§ Assignment:
A faithful copy of the data, pictures omitted, is the required answer.

§ Given material:
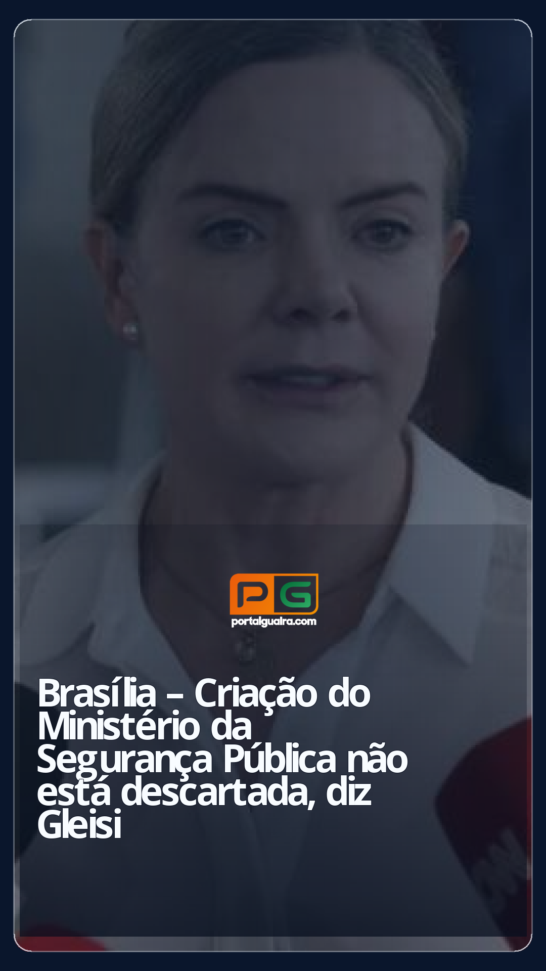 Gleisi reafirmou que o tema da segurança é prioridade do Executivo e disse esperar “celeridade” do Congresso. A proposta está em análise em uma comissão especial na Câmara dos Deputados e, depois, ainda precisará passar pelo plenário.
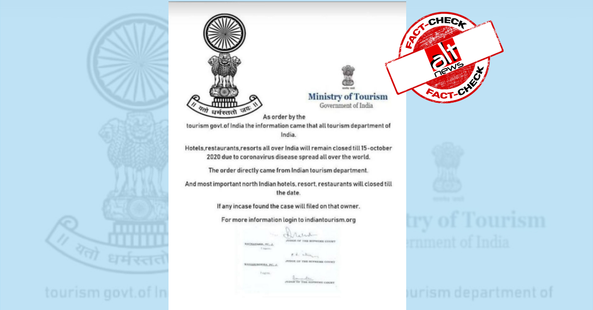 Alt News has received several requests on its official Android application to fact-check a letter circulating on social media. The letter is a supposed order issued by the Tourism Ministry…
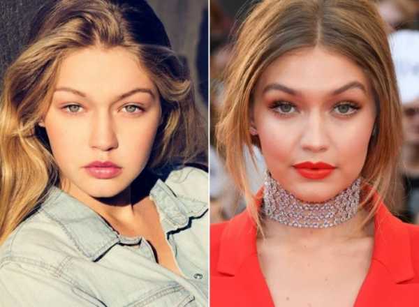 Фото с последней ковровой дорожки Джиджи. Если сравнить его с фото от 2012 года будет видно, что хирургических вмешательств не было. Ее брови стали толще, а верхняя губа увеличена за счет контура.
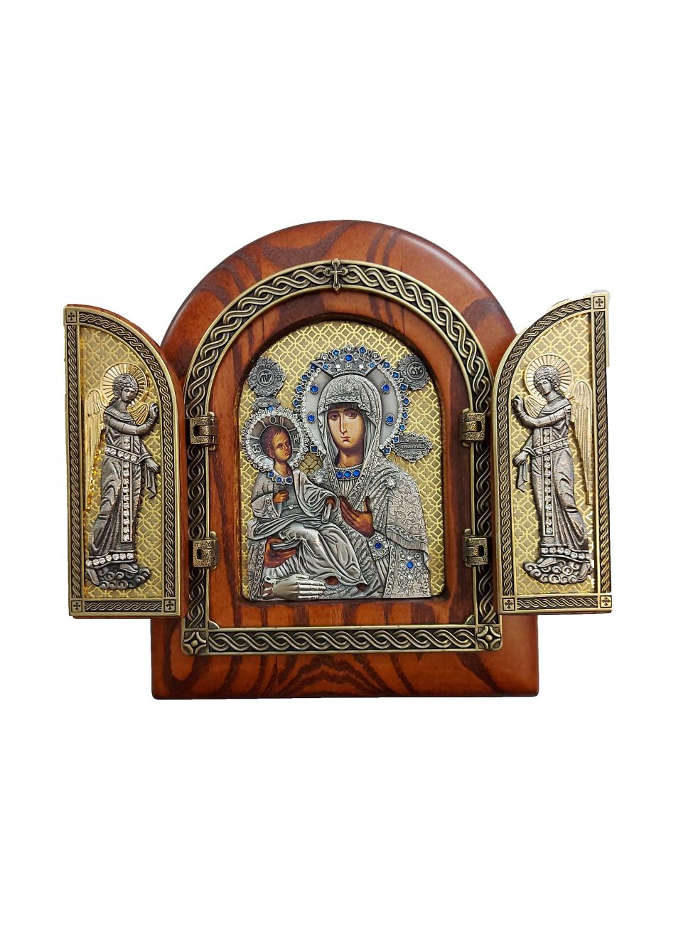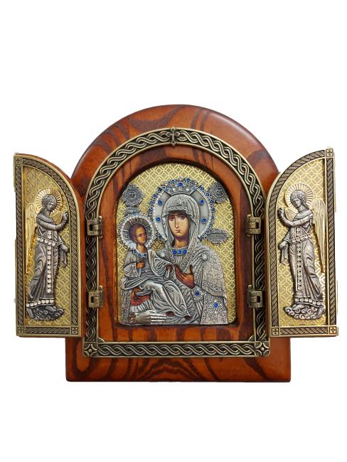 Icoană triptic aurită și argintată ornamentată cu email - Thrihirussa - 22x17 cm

§ Written solution:
 Gleisi reafirmou que o tema da segurança é prioridade do Executivo e disse esperar “celeridade” do Congresso. A proposta está em análise em uma comissão especial na Câmara dos Deputados e, depois, ainda precisará passar pelo plenário.
 Alt News has received several requests on its official Android application to fact-check a letter circulating on social media. The letter is a supposed order issued by the Tourism Ministry…
 Фото с последней ковровой дорожки Джиджи. Если сравнить его с фото от 2012 года будет видно, что хирургических вмешательств не было. Ее брови стали толще, а верхняя губа увеличена за счет контура.
 Icoană triptic aurită și argintată ornamentată cu email - Thrihirussa - 22x17 cm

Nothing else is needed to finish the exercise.